# In-App Tipping is here .... for three cities



## StephenT (Oct 25, 2016)

"Available to drivers in Minneapolis, Seattle and Houston on June 20, 2017. We'll be adding more cities over the next few weeks and making tipping available in all U.S. drivers by the end of July 2017"

I am thrilled about the option. I also predict the Star ratings to go down.

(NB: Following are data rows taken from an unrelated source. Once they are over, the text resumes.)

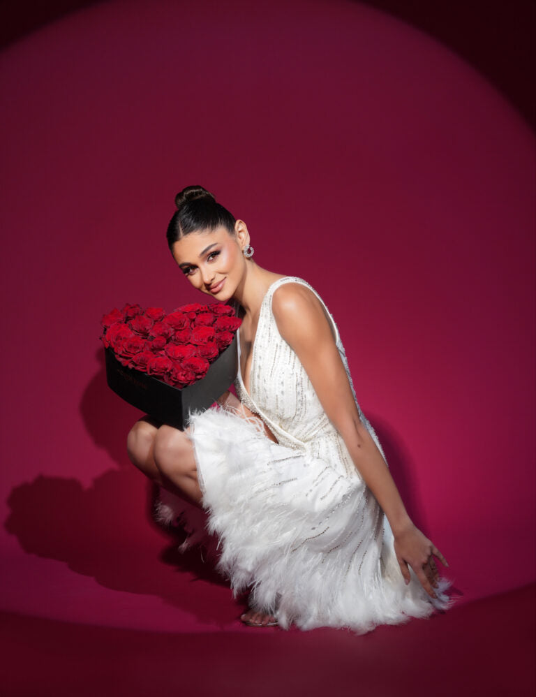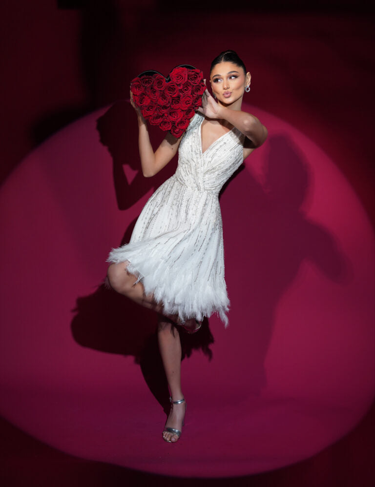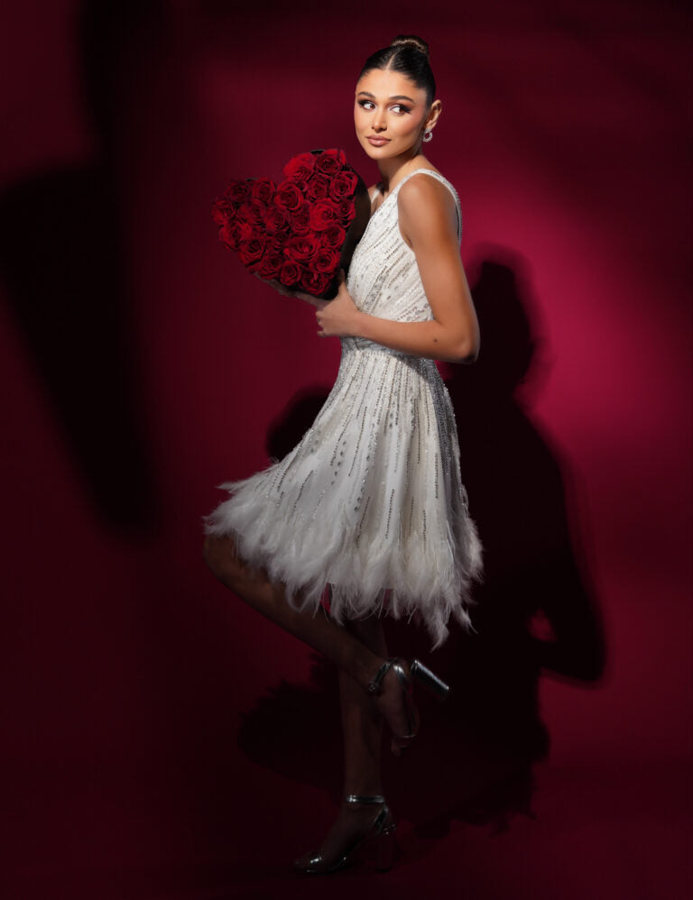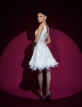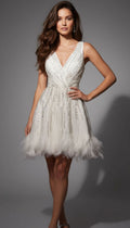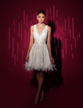 women’s sleeveless mini length dress with silver glitter featuring a slight fur touch at the bottom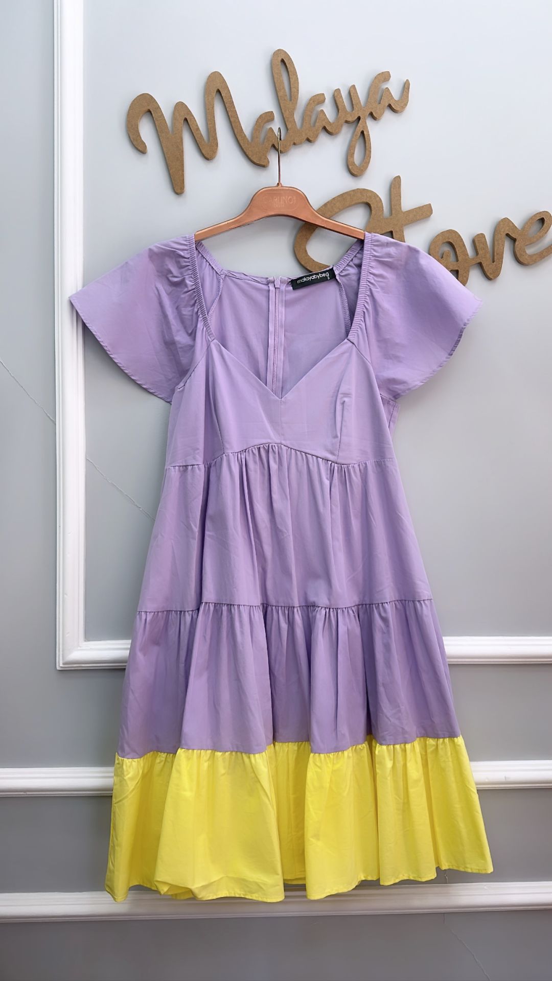A formunda, poplin kumaştan, iki renkli tam kalıp elbise.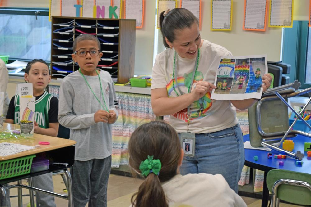 Students in both classrooms made leprechaun traps to try and catch the legendary creature. In Travassos’ class, each student made their own and then worked together to make one big trap. Gideon had her students either work in groups or on their own. Their traps were made of boxes, tape, paint and recyclable materials.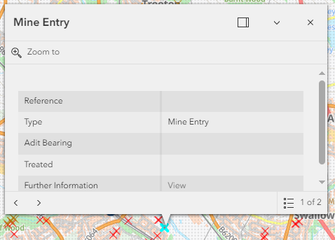 Left-click on a feature on the map to return its attribute details. Links to further information, external links, data sources and the ability to zoom to the selected feature are also provided for many of the datasets. If more than one feature is present at the selected location, links to step through all available features are presented (see image below – ‘1 of 2’ list to the bottom-right of the pop-up).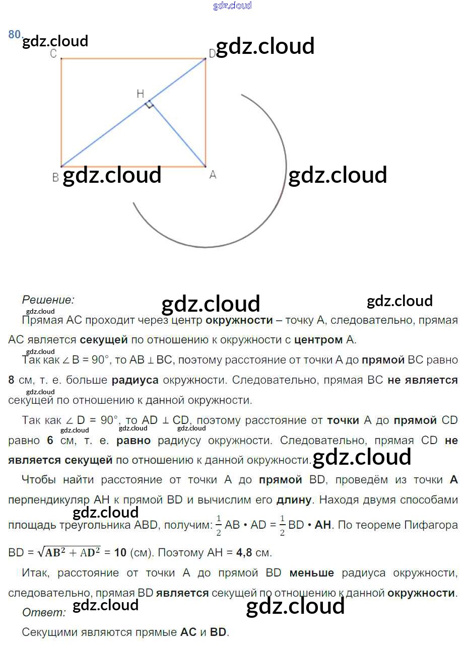 Ответ на задание 80 Рабочая тетрадь Геометрия за 8 (восьмой) класс Атанасян, Бутузов, Глазков, Юдина 2019
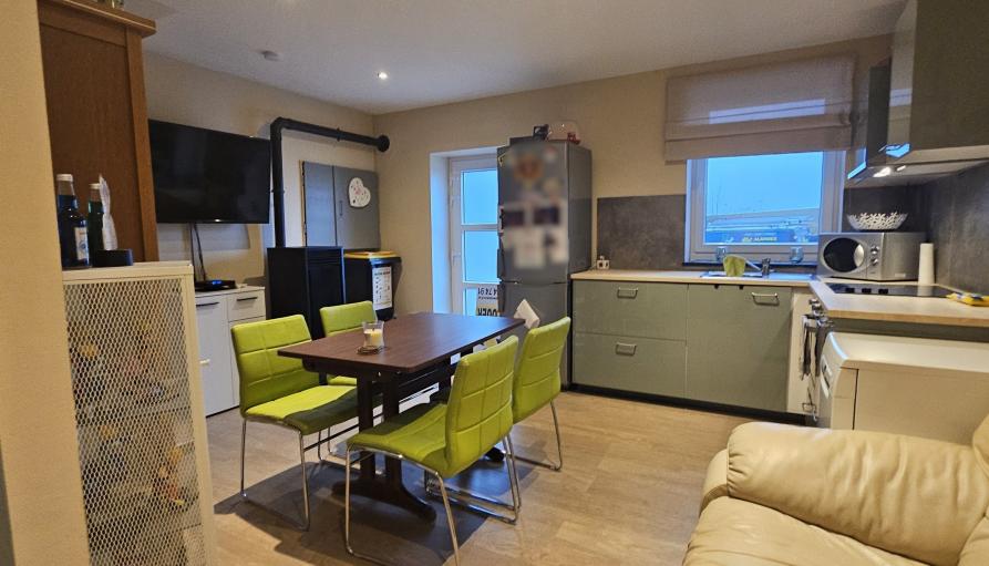 Avec environ 55m², cette maison se compose au rez de chaussée d’une pièce à vivre avec cuisine équipée, petit salon et débarras.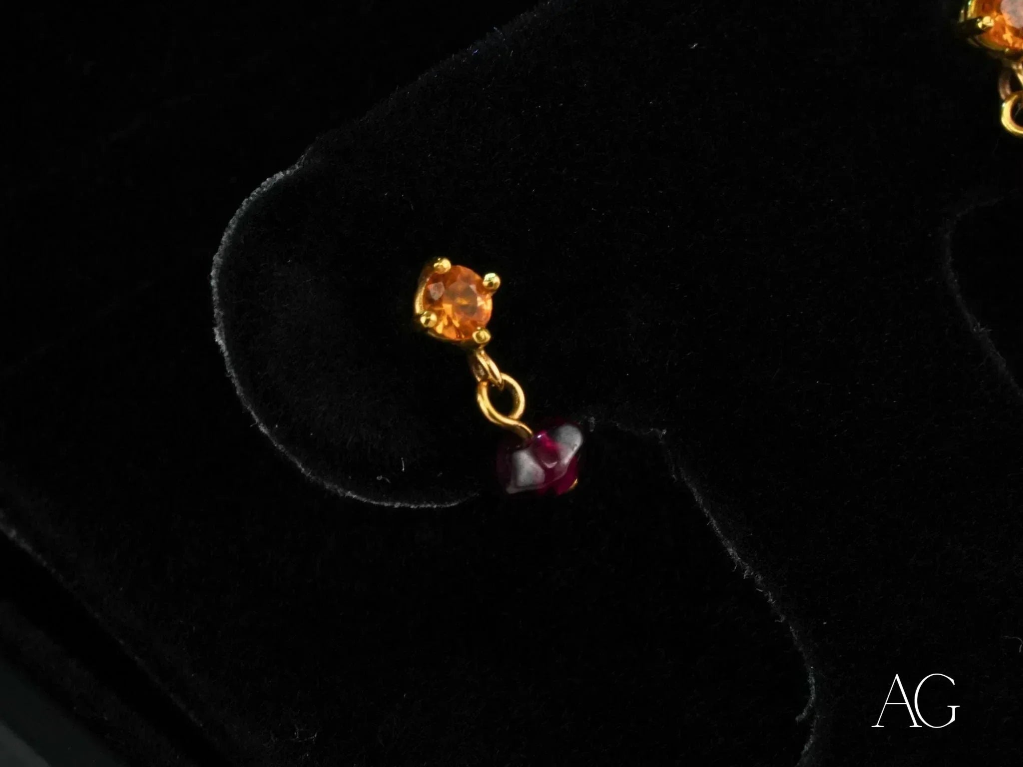 Citrine symbolizes positivity and abundance, while rubellite (red tourmaline) embodies passion, love, and energy, making these Art Gold earrings a meaningful gift.

Announced as part of the new "180 Days of change" campaign.
https://www.uber.com/info/180-days/

Apparently they were a fan of "Designated Survivor".


----------



## DRider85 (Nov 19, 2016)

You cannot say that Tips are not included. I mean technically you are right. But with both Lyft and Uber to have tip options, there will be no need to shove it down customers throats anymore. If they tip, they tip. If not, then that is on them. But we can no longer say that the option won't be there. FREE WILL.


----------



## Shangsta (Aug 15, 2016)

Got my first tip today. Why would star ratings go down? Wtf lol


----------



## ToughTommy (Feb 26, 2016)

Your a dope. You say you can't say they are not included them but technically your right. Shove it down their throats ...what is your major malfunction. Did Travis pay you a penny to try and bash the change of tipping culture. Stay gone twit


----------



## StephenT (Oct 25, 2016)

Shangsta said:


> Got my first tip today. Why would star ratings go down? Wtf lol


That's great. A cash tip or via the app?
Viewing the GIF I would think Riders will be more stringent on the Star rating and then follow with a tip amount.
Hey, hopefully I'm wrong.


----------



## DRider85 (Nov 19, 2016)

ToughTommy said:


> Your a dope. You say you can't say they are not included them but technically your right. Shove it down their throats ...what is your major malfunction. Did Travis pay you a penny to try and bash the change of tipping culture. Stay gone twit


What's with your attitude? Tips are here now. We all win.


----------



## steveK2016 (Jul 31, 2016)

StephenT said:


> That's great. A cash tip or via the app?
> Viewing the GIF I would think Riders will be more stringent on the Star rating and then follow with a tip amount.
> Hey, hopefully I'm wrong.


I'll take a 4 star and a $5 tip.



Shangsta said:


> Got my first tip today. Why would star ratings go down? Wtf lol


Very cool, I was hoping you'd hop on and tell us about it since I knew you were in Seattle.

Let us know how it goes for the rest of the week, it'll be interesting to know how often it gets used.


----------